## [Action item]
Transcribe all data verbatim. Skip the pictures.

[Given data — start]

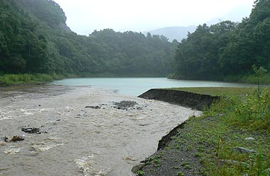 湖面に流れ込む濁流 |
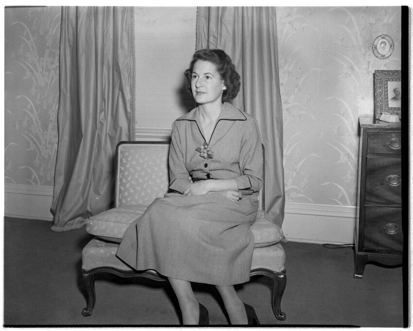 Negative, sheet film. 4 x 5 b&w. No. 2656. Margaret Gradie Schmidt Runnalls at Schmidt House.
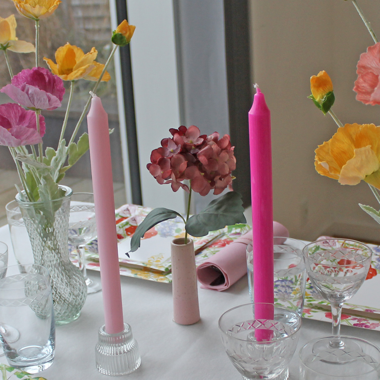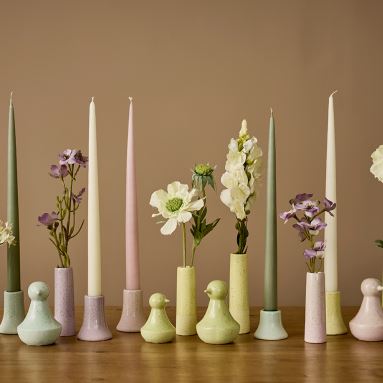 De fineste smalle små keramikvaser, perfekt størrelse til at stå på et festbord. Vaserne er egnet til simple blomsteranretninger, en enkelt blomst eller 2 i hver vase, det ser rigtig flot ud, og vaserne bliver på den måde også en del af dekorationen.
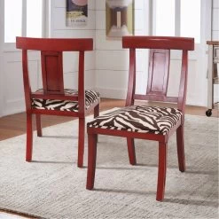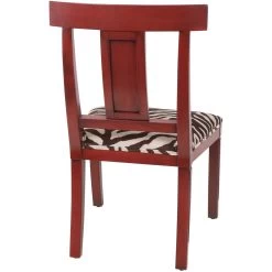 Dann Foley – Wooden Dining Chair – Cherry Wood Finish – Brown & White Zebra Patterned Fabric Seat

[Given data — finish]

## [Result]
 湖面に流れ込む濁流 |
 Negative, sheet film. 4 x 5 b&w. No. 2656. Margaret Gradie Schmidt Runnalls at Schmidt House.
 De fineste smalle små keramikvaser, perfekt størrelse til at stå på et festbord. Vaserne er egnet til simple blomsteranretninger, en enkelt blomst eller 2 i hver vase, det ser rigtig flot ud, og vaserne bliver på den måde også en del af dekorationen.
 Dann Foley – Wooden Dining Chair – Cherry Wood Finish – Brown & White Zebra Patterned Fabric Seat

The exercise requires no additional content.